When I was younger, I would have worn these rejections as badges of honour. Now, as a writer in her late 30s who has to pay the rent and bills and send two children to school, I think of the Tamil words vaaithula adikkuraanga (they are hitting at our stomachs). To make noise against fascism is in many ways to lose the opportunity to make a living. Where they cannot kill you, they will slowly starve you – of attention, of opportunity, of having your skin in the game.
I moved back to India after nearly a decade of living in London.
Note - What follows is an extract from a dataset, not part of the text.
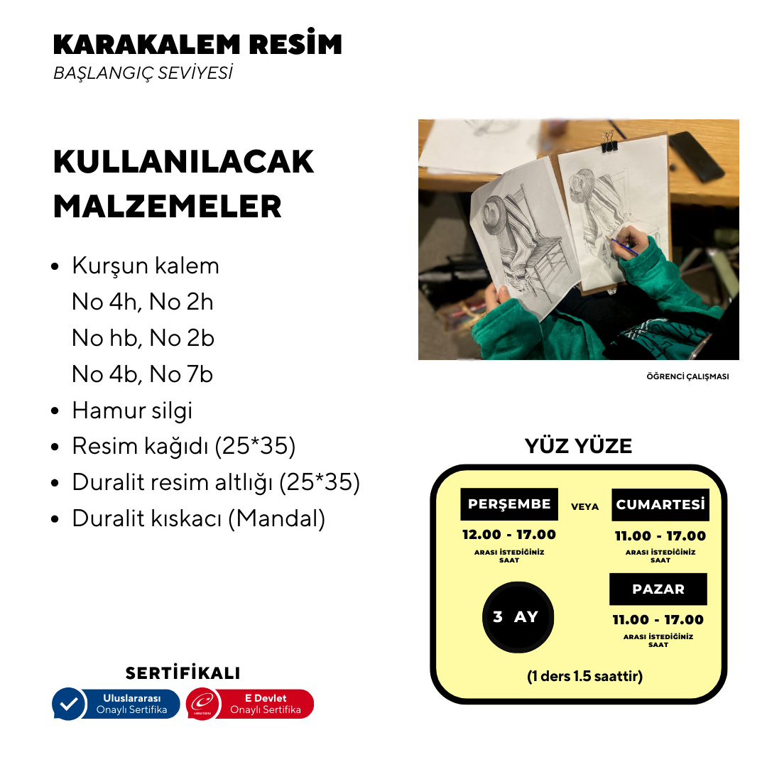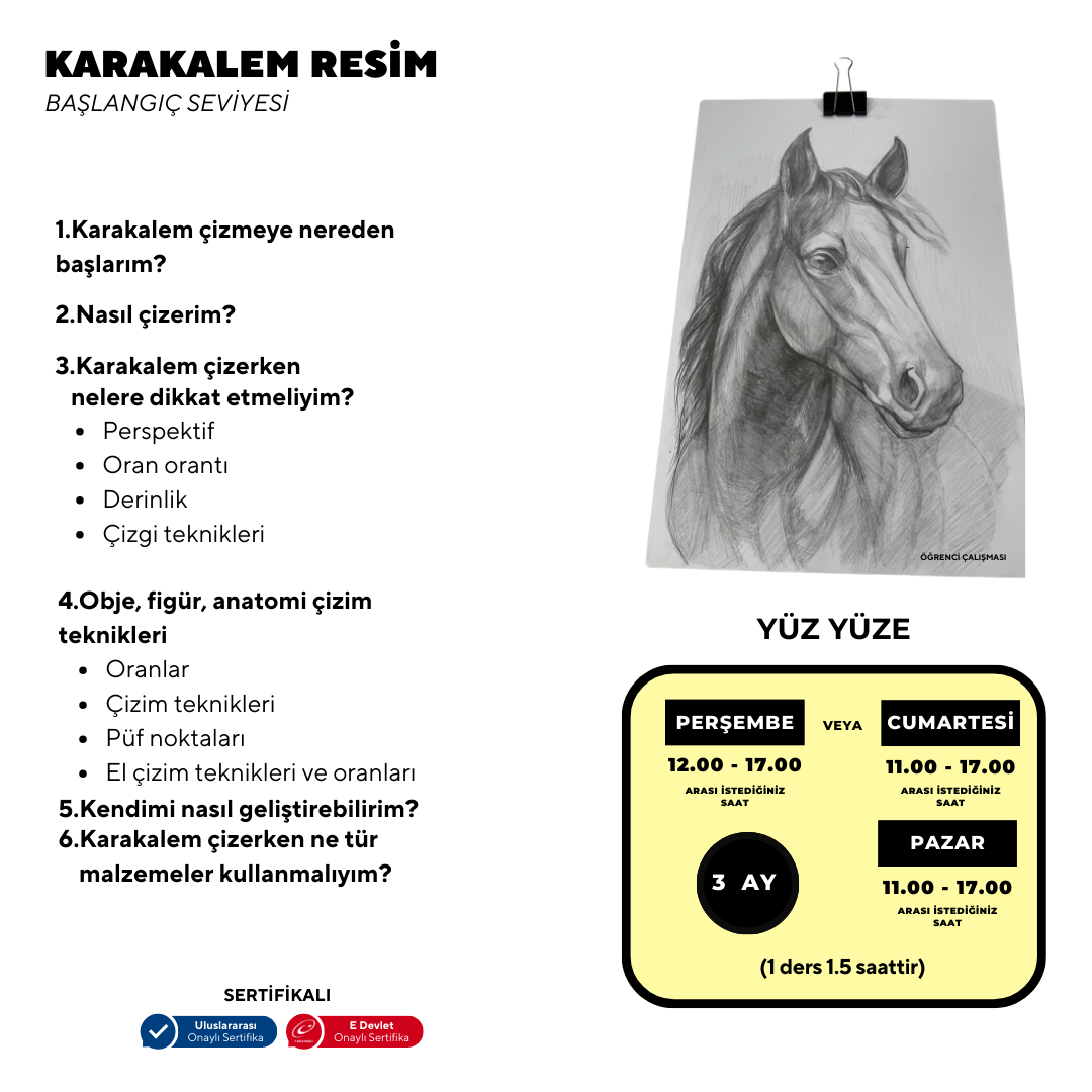 Paintings made by applying single color tone values ​​of black are called charcoal drawings. The aim is to explain the technique of charcoal drawing, to teach the necessary materials and preparations while painting, to transfer the drawing to paper, and to provide the knowledge and skills to apply the charcoal drawing technique.

Four years later, after what I’ve faced firsthand in my homeland, I still don’t flinch when I write. Writing is a form of madness in that sense – it comes with a courage and defiance no logic can explain.
We are suffering from a silence of isolation, we are suffering from pessimism. And to that extent, I can understand the cowardice of some of my contemporaries. Things will change, however, because people will overthrow tyrannical fascist regimes. As writers, we have an urgent responsibility to play a vital role in forging that change.